Le résultat inévitable est que l'enfant de Q.I. 180 doit résoudre un des problèmes les plus difficles d'adaptation sociale qu'aucun être humain ait jamais rencontrés.
"La situation est si grave qu'on pourrait se demander comment il est même possible pour un tel enfant de devenir un adulte socialement normal. Il ne eput espérer que des enfants de son milieu mental l'acceptent car, même s'il connaît bien leurs jeux, son aspect physique est trop immature pour qu'il trouve sa place dans le groupe.
L'enfant à Q.I. de 170 et 180, au contraire, se trouve dans une région de l'intelligence extrêmement dépeuplée. Il n'y a qu'un enfant sur des milliers pour réaliser des chiffres aussi élevés..." D'où l'impossibilité pratique d'avoir des camarades.

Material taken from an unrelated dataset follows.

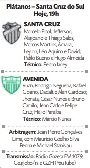 Márcio Nunes acredita que o Avenida não chega como favorito para o clássico. “Não somos favoritos. O investimento do Santa Cruz é alto. O campeonato é equilibrado. Cada jogo é uma batalha”, salientou. O treinador enfatizou que a equipe ganhou confiança pela vitória obtida diante do Ypiranga. “Foi com a cara do Márcio Nunes. Uma equipe aguerrida, lutando por todas as bolas. Estava faltando esse querer, vibrar, jogar com o coração. Conseguimos implantar isso. Além disso, nosso time tem construção a partir da defesa, triangulações, mudança de corredor e aproximação”, destacou sobre o triunfo que antecedeu o clássico.

Leurs difficultés sont dues, comme le dit Hollingworth en une formule pittoresque, à ce qu'"ils ne peuvent prendre leur parti de la sottise et de la folie" (to accept food gladly) La sensation d'isolement qu'ils éprouvent alors peut provoquer une angoisse grandissante devant les rapports sociaux à établir, cela avec tous les dérèglements qu'on peut imaginer. (...) fardeau obligatoire de l'enfant doué: le sentiment d'isolement, la gêne dans leur besoin dévorant d'apprendre, l'ennui et leur souci très particulier des problèmes éthiques.
Et si les schémas et les tentatives de maîtrise des liens sociaux provenaient de cela: une angoisse grandissante devant les rapports sociaux à établir ?
Il n'est aucun empire humain, Au dessus de moi je ne vois que des oiseaux de mer.